Table 16 Weighted average values of deep learning models on IndianClaims dataset

Table 16 shows the weighted average values of precision, recall, and F1-score from the various deep learning models on the IndianClaims dataset we explored. The LSTM_4 model gives the maximum weighted average precision of 73% with glove embedding. CNN_1 and CNN_4 give the best value of weighted average recall of 71% with Word2Vec embedding and CNN_2 with glove embedding. Similarly, we achieve a maximum weighted average F1-score of 69% using CNN_3, CNN_4, and LSTM_4 with Word2Vec embedding, and CNN_1, CNN_2, CNN_3, CNN_5, and LSTM_4 with glove embedding.

5.3.3 Best-performing models

In addition to the deep-learning models discussed in the baseline and deep-learning section, we explain the deep-learning model that gave us the best result for the IndianClaims dataset. Recall that our proposed G2CW framework based on GRU comprises 1 GRU layer with 100 units, followed by 3 units of dense and softmax units.

Table 17 Weighted average values of best-performing model on the IndianClaims dataset

Table 17 shows the weighted average values of precision, recall, and F1-score of the best-performing models that performed better than the other deep learning models stated in the previous section for testing the Indian Dataset. The weighted average is obtained following the number of records in each class. It turns out that CNN_6 with Word2Vec embedding and CNN_6 and LSTM_2 with glove embedding are the models that perform the best with a 70% F1-score. Our proposed G2CW framework with glove embedding performs with 72% precision, 69% recall, and 70% F1-score. The models, namely CNN_6, LSTM_2, and G2CW framework, performed equally well. Therefore, to find out the best among these models, we compare them in terms of the amount of training time consumed.

Table 18 Time analysis of best-performing model on the IndianClaims dataset

Table 18 shows the training time used by all the best-performing models to test the Indian dataset. Moreover, it turns out that among the best-performing models, the GRU-based proposed G2CW framework takes only 8.12 seconds to train, which is the least training time among all the models.

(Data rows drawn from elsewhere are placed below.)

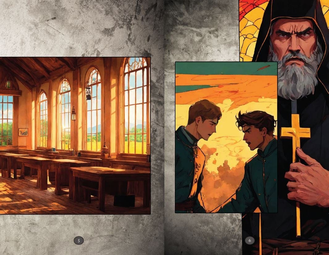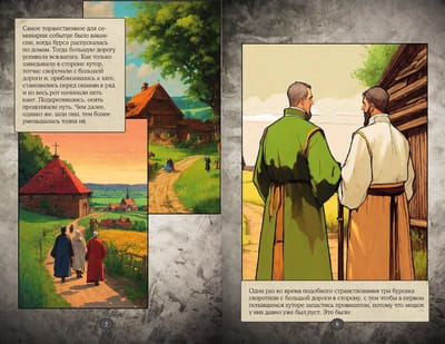 The pages of this graphic work present detailed gloomy illustrations, ideally suited to the tone of the narrative and folklore plots.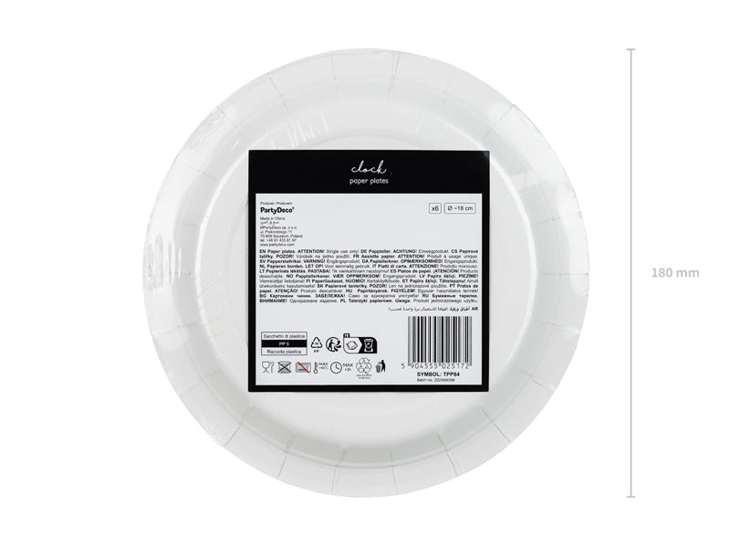Papieren borden Klok in zwarte kleur met goudopdruk, afmeting ca. 18 cm.(1 pkt / 6 stuks) Materiaal: Papier ongestreken met folie en ongelakt - 100%
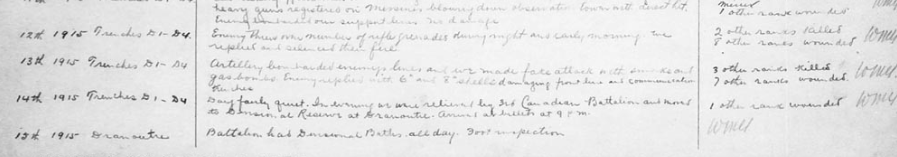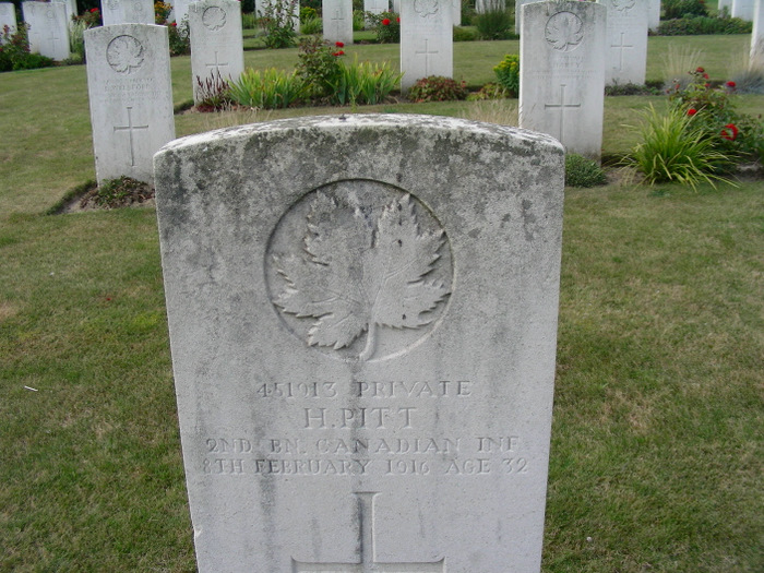 Harry was born on 9 April 1883, to George and Caroline Pitt of 18 Wallace Rd, Victoria Park, London. In 1909, as a 26-year-old, he emigrated to Canada, arriving on the Empress of Britain in Quebec in October. By1915, when he enlisted, he was farming in the Niagara region of Ontario, a warm and richly fertile area known for agriculture (now especially growing grapes for its wine industry). Harry joined the 58th Battalion on 30 June 1915 and on 17 August 1915, was on his way home to England on the S.S. Hesperian (which would be torpedoed and sunk a month later). His father was dead by then, but I must hope he was able to visit his mother. Harry was immediately placed in No. 3 Company of the 12th Reserve Battalion on 26 August and spent the next three and a half months training. On 13 December 1915, he finally was transferred to the 2nd Battalion and joined the unit in the trenches near Wulverghem a day later.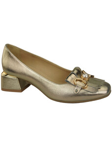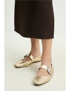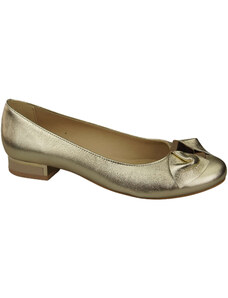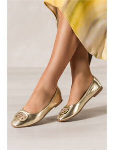Złote baleriny damskie brokatowe na ozdobnym niskim obcasie skórzana wkładka Carla M530P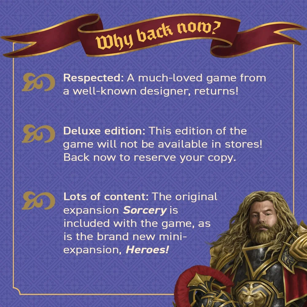Designed by Marc André (Splendor) and illustrated by Bastien Jez, Grail Games is pleased to announce the return of a classic! This Royal Edition will include the complete Sorcery expansion, as well as the all-new Heroes expansion, and the possibility to play the game with 5 players!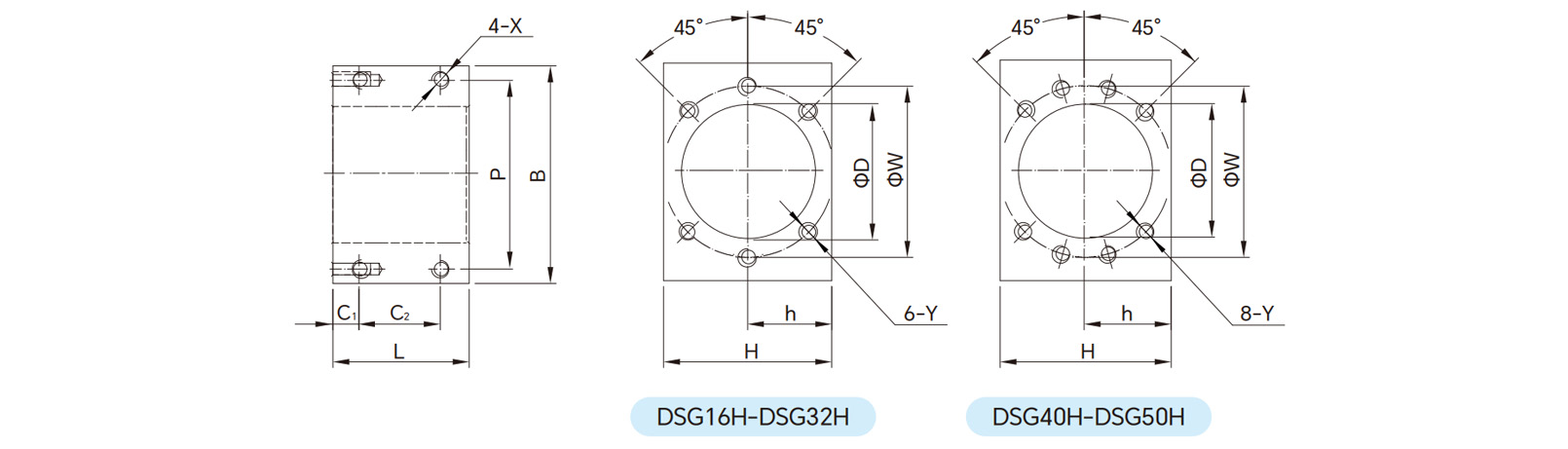 Matching Ball Screw: One model covers multiple leads at the same shaft diameter (e.g., DSG16H is compatible with SFU1605/1610/1616).
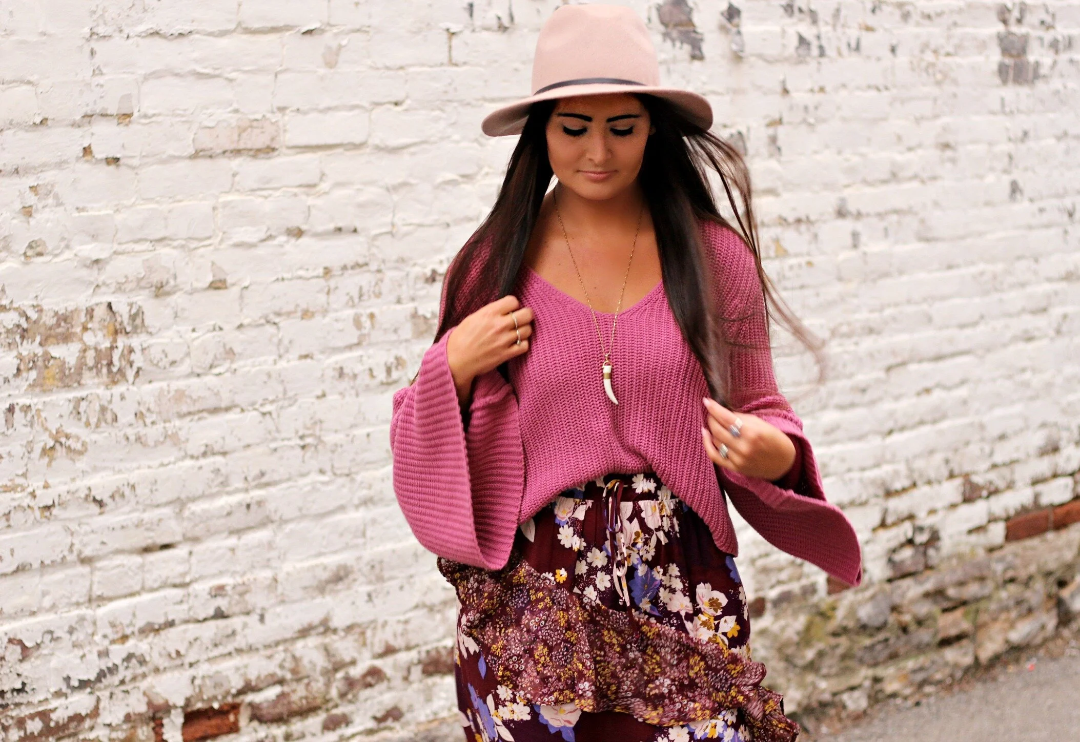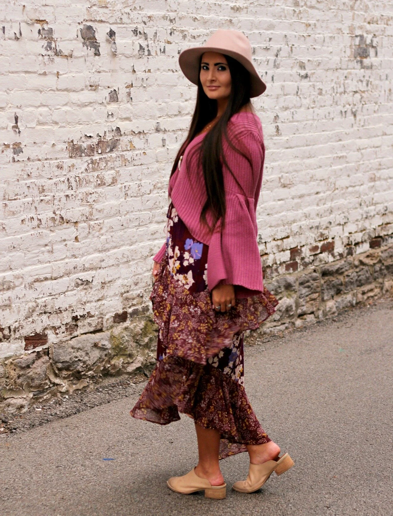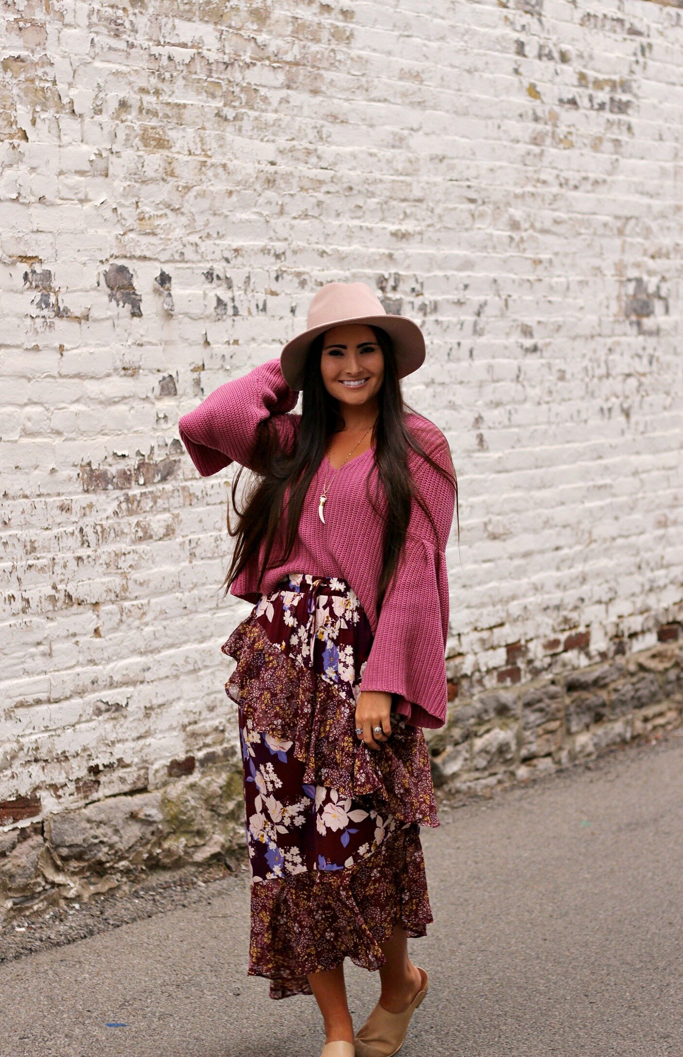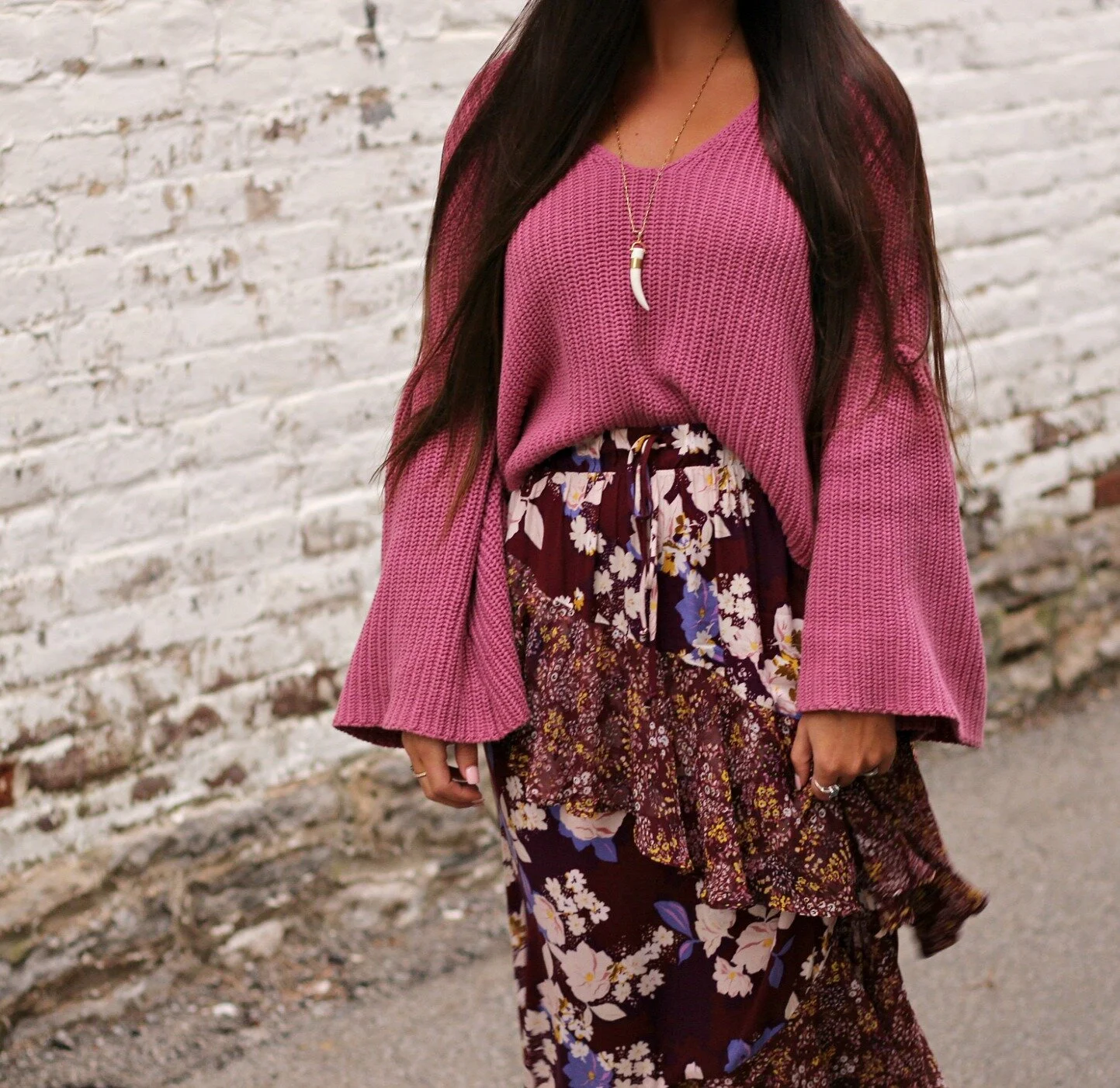 Blush + ruffles + bell-sleeves + florals- these are a few of my favorite things, and this outfit just happens to have all of them! I love all the beautiful pastels and deep jewel-tones that are popping up this fall especially when a floral print is included. This skirt from Target has all that plus the cutest cascading ruffle detail (AND it's under $25!). I paired it with my favorite Free People sweater which I seem to wear with everything because it's just so comfy + flattering! I've linked all my outfit details for you to shop above + below!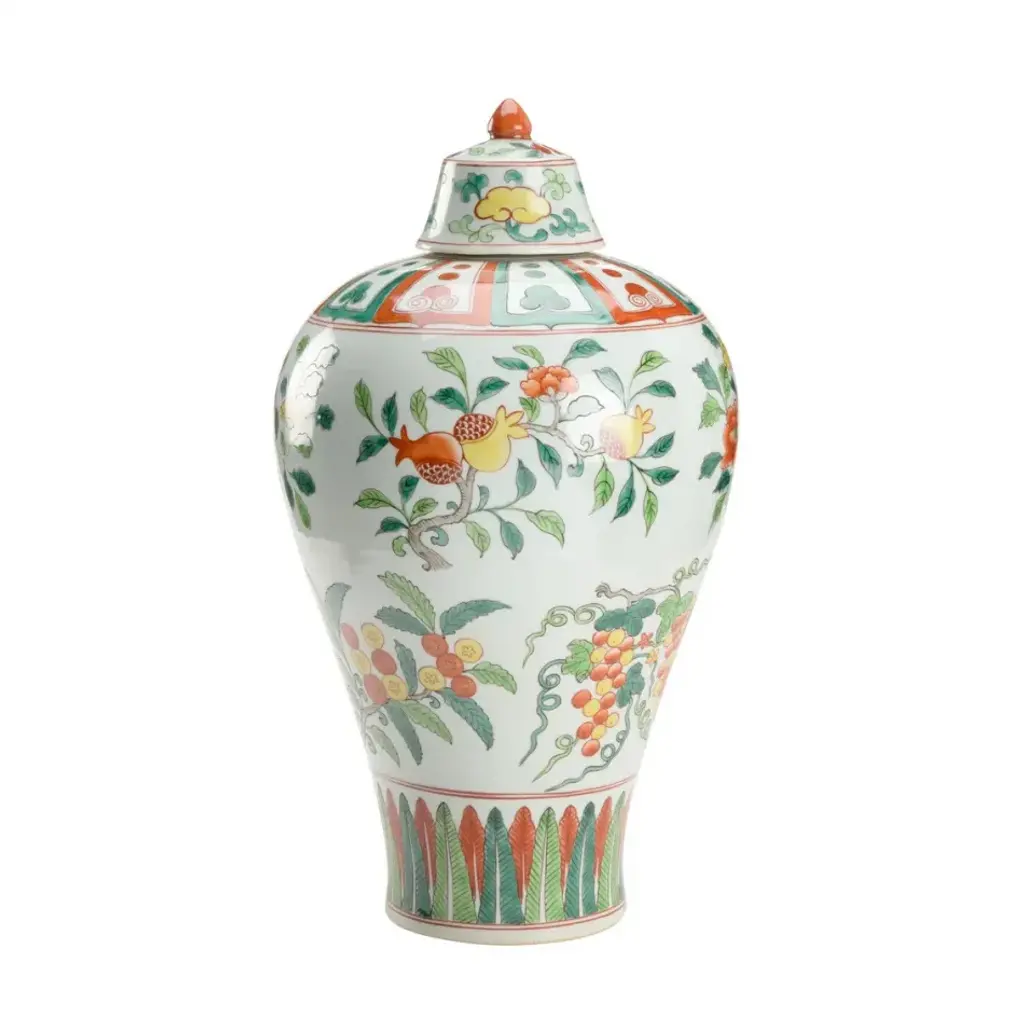 HAND PAINTED CERAMIC COVERED URN IN MULTICOLOR DESIGN. REMOVEABLE LID.

6 Conclusion and future scope

This work proposed a glove embedding-based GRU architecture, referred to as the G2CW framework, for detecting check-worthy sentences. Our proposed approach gives an F1-score of 0.92, which outperforms the baseline F1-score of 0.81 from Hassan et al. [13]. Our experiments found that other deep learning architectures performed equally well as the G2CW framework. However, the G2CW framework took the least amount of training time. We evaluated the G2CW framework on a standard ClaimBuster dataset curated by Hassan et al. [13], and also performed transfer learning experiments on a self-curated IndianClaims dataset. Our work will be helpful for researchers in the field of fact-checking. G2CW framework can be used to detect whether a sentence is worthy of fact-checking. In this manner, only fact-worthy sentences can be further passed to the fact-checking mechanisms.